Von Bernd Grossmann
Auf dem Rückweg aus dem Ruhrgebiet ließen sich die Handballer des VfS Warstein ihren 29:28-Sieg über den ASC 09 Dortmund gut schmecken: Trainer Michael Schorlemer spendierte eine Runde Frikadellen an die Fahrgäste im Fanbus, Physiotherapeutin Barbara Schorlemer einen Kasten Bier, Vizevorsitzender und Catering-Chef Andreas Kückmann eine Ladung „Schinkenkracher“.Eigentlich sprach wenig dafür, dass der VfS Warstein nach dem 9. Spieltag der Landesliga Punkte an Bord haben würde. Schließlich fehlten der jungen Mannschaft mit Philipp Schmidt und Tobias Nagel, der beim Aufwärmen signalisierte, dass seine Rippenprellung zu schwerwiegend für einen Einsatz sei, zwei Routiniers. So mussten ausgerechnet beim daheim verlustpunktfreien, für seine aggressive Deckung bekannten Titelanwärter ASC Dortmund die in solchen Spitzenspielen unerfahrenen Youngster des VfS Farbe bekennen. Dass die Mittwoch-Trainingseinheit wie vor dem Werdohl-Spiel, als es eine 23:30-Niederlage setzte, ausfiel, erwies sich jedoch keineswegs als Manko.
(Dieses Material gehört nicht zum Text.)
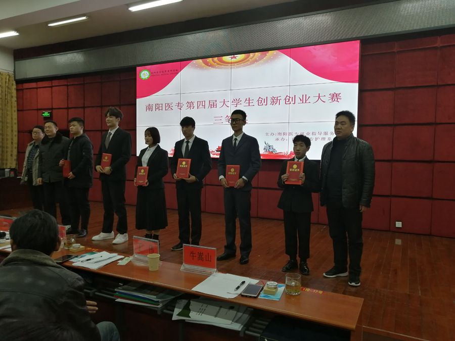 本网讯(文/学生处 张辉)12月19日晚,由学校就业中心主办、护理系承办的第四届大学生创新创业大赛在主校区图书馆五楼学术报告厅圆满落下帷幕。校党委委员、副校长郭万周出席比赛并致辞,系院领导、辅导员、项目指导老师、150余名学生观众观摩了比赛。十个参赛团队参加了此次比赛。河南省首批大学生就业指导名师、南阳师范学院教授张炳兰,河南工业职业技术学院招生就业处处长胡雪梅,南阳农业职业学院招生就处处长金元泽,南阳理工学院招生就业处副处长丁伟,我校设备处处长韩匀亭、保卫处处长牛嵩山、教务处副处长王海鑫担任决赛评委。
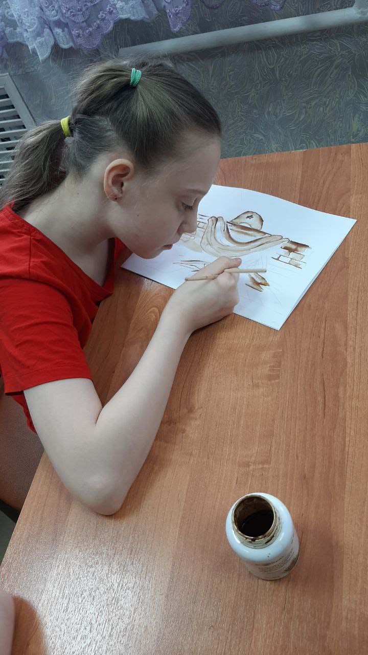 В арт-терапевтическом кабинете в преддверии Дня защитника Отечества состоялось занятие по кофейной живописи. Воспитанники выполнили тематические рисунки. Дети с удовольствием экспериментировали с ароматом и цветом кофе, создавая трогательные и оригинальные рисунки.  Это время вдохновения, творчества и приятного общения!
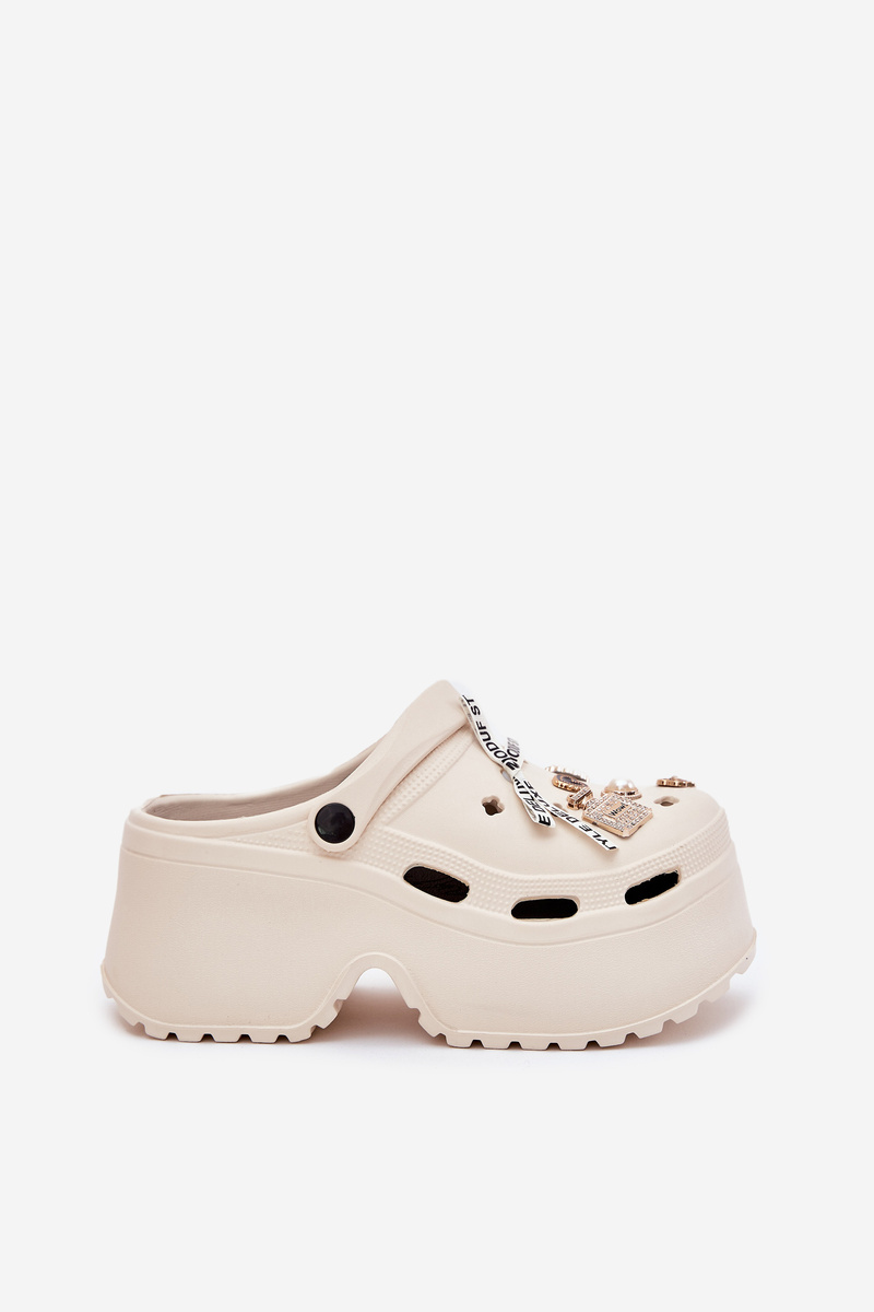 Dámske sandále na masívnej platforme s ozdobami béžové Vivira
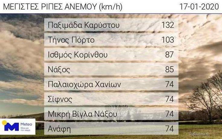 Χαρακτηριστικό είναι ότι στη Παξιμάδα Καρύστου η μέγιστη ριπή έφτασε τα 132 χλμ/ώρα και στο Πόρτο Τήνου στα 103 χλμ/ώρα.
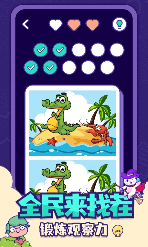 1、海量高清大图等你来找茬,全民找茬游戏丰富多样的关卡挑战,拥有多种干扰因素,你能找齐所有不同之处吗?
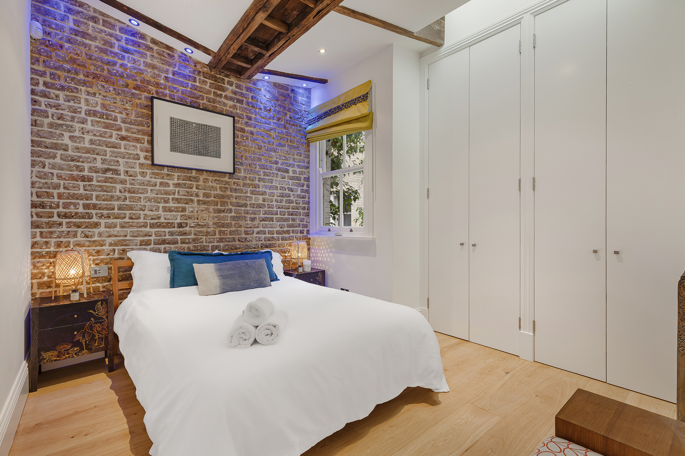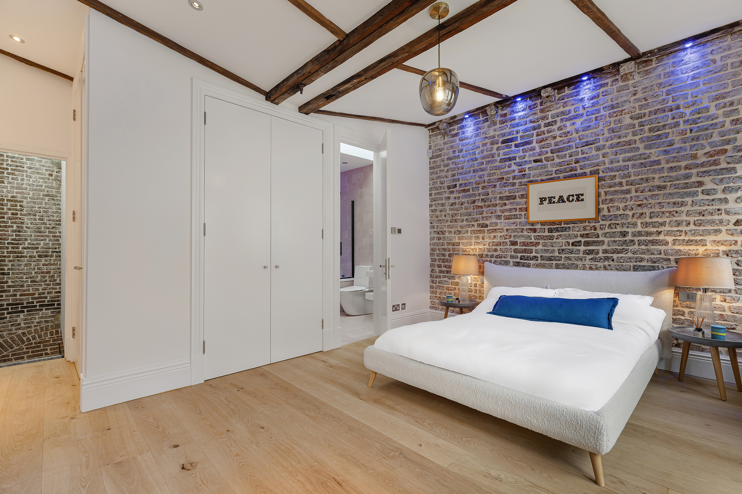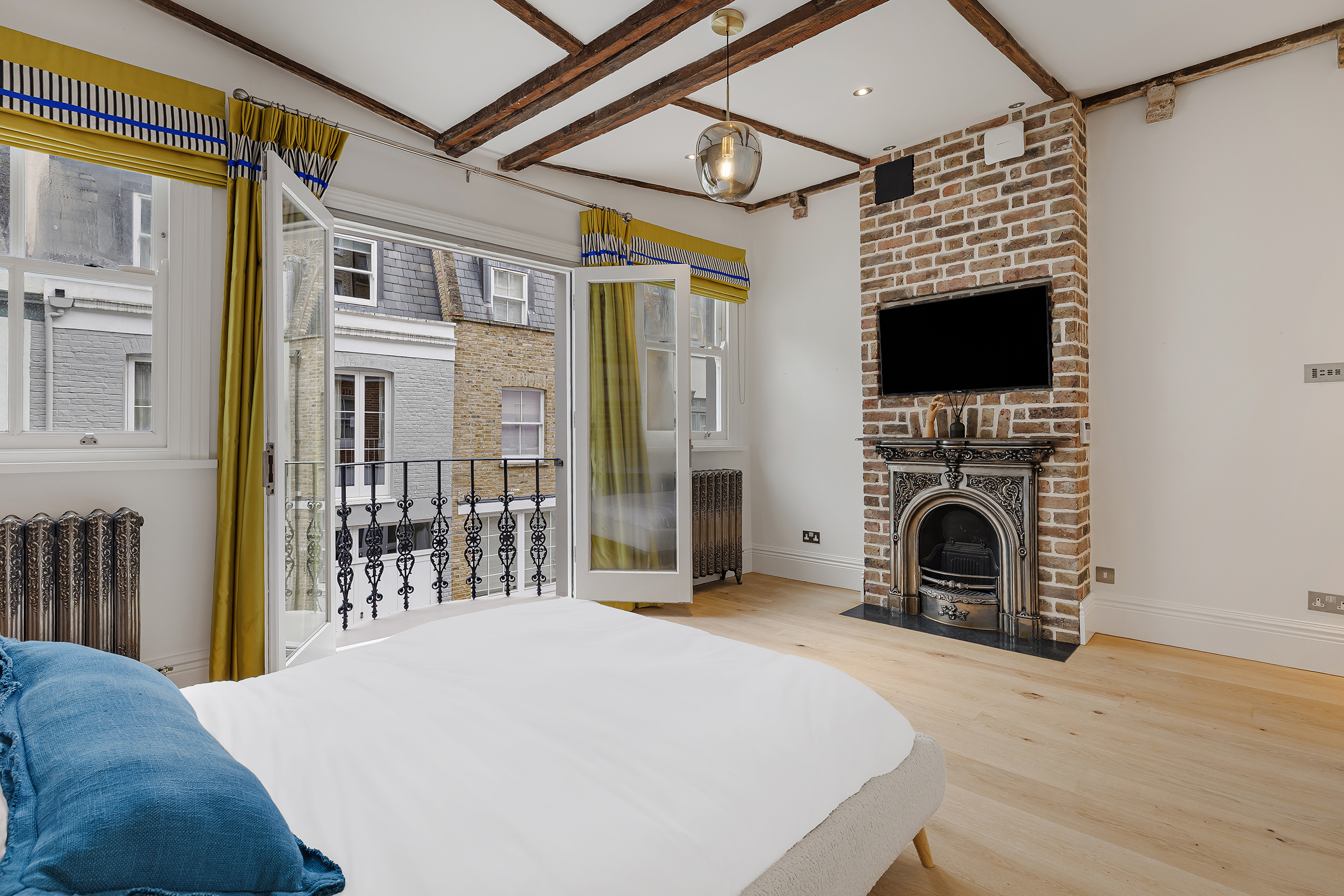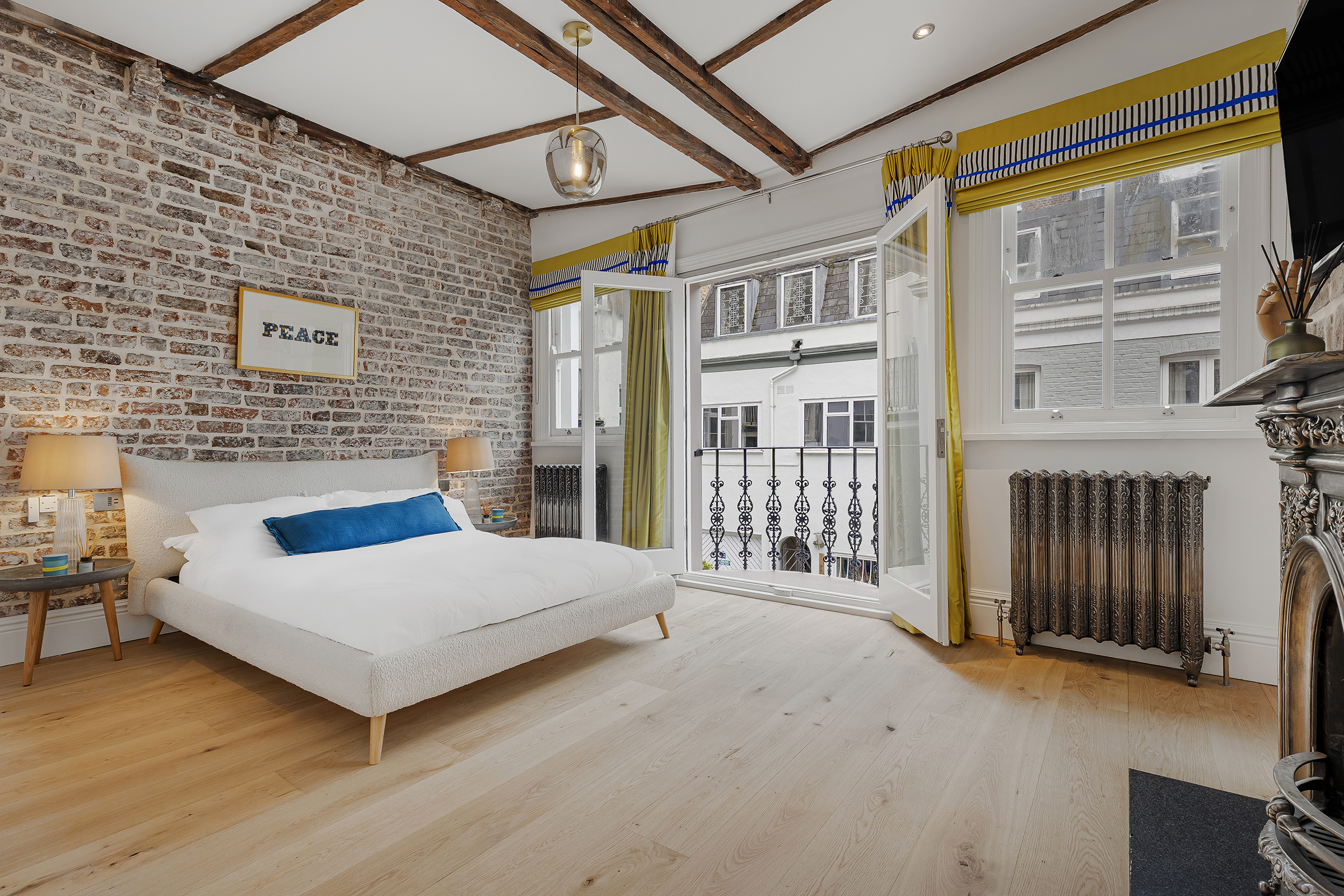 The principal bedroom occupies the first floor and is generous in both proportion and atmosphere. Exposed ceiling beams and brickwork lend texture and character, while French doors open to a Juliette balcony overlooking the cobbles below. Bespoke storage is neatly integrated, and the ensuite bathroom is finished in a pared-back contemporary style, with a bath and separate shower.

„Die Mannschaft hat genau die richtigen Lehren aus dem Spiel gegen Werdohl gezogen, als sie 45 Minuten lang gegenhielt, dann aber kämpferisch deutlich abbaute. Diesmal hat die Körpersprache von Beginn an gestimmt, haben wir zu keiner Minute nachgelassen“, kommentierte Coach Michael Schorlemer mit hörbarem Stolz in der Stimme den spektakulären 29:28-Erfolg.
Gepuscht durch die Glanztaten von Michael Hölter, der die Bälle magisch anzuziehen schien, lieferte der VfS leidenschaftliche Abwehrarbeit ab, die auf der Auswechselbank regelmäßig lautstark gefeiert wurde. Dadurch sahen sich die schnell und flüssig kombinierenden, also keineswegs enttäuschenden Dortmunder oft zu schwierigen Würfen gezwungen.
„Jungs, die ich schon in C-Jugend betreut habe“
Und im eigenen Angriff war auf die Rückraumknaller von Ristovic Verlass, der mit Präzision auch unter Bedrängung seine Würfe abfeuerte und so die fehlenden Feldtore des dauerhaft bewachten sonstigen Hauptschützen Lars Schorlemer kompensierte. Dass die Hausherren zur Pause nicht deutlicher als mit 14:15 zurücklagen, lag an ihrer Fähigkeit, bei Ballgewinnen pfeilschnell zu kontern. Zudem versäumte Warstein, bei eigener 6:3-Überzahl und 10:7-Führung ein größeres Polster herauszuwerfen.
„Zum Glück haben es uns die Dortmunder nachgemacht“, verwies Schorlemer auf die Endphase, als der ASC plötzlich mit sechs Feldspielern nur drei Warsteinern gegenüberstand. „Das waren alles Jungs, die ich schon in der C-Jugend betreut habe“, schilderte Schorlemer, der die Kaltschnäuzigkeit seiner Schützlinge in dieser kritischen Phase lobte: „Da wurde kein Ball einfach verloren gegeben. Wir haben den Gegner so richtig nervös und hektisch gemacht.“
Da auch Joker Thorsten Grunwald stach, er mit seinem einzigen Torwurf das enorm wichtige 27:28 erzielte, mussten die Hausherren rasch abschließen, fanden aber jeweils ihren Meister in Hölter, dem auf der fröhlichen Heimreise die meisten Glückwünsche galten.
Eilig hatten es nur Lars Schorlemer (zurück nach Karlsruhe) und Grunwald, der für zwei Wochen nach Peking muss, also in den beiden durch den eigenen Sieg wieder attraktiv gewordenen letzten Partien gegen den entthronten Spitzenreiter Schwelm und in Schwerte fehlen wird. „Dafür wird uns Jonas Bittern aushelfen“, hat sich Schorlemer aber bereits der Unterstützung des Münsteraner Studenten versichert.
So könnte sich der Trainerwunsch, mit nur geringem Abstand zur Spitze ins neue Jahr zu gehen, noch erfüllen.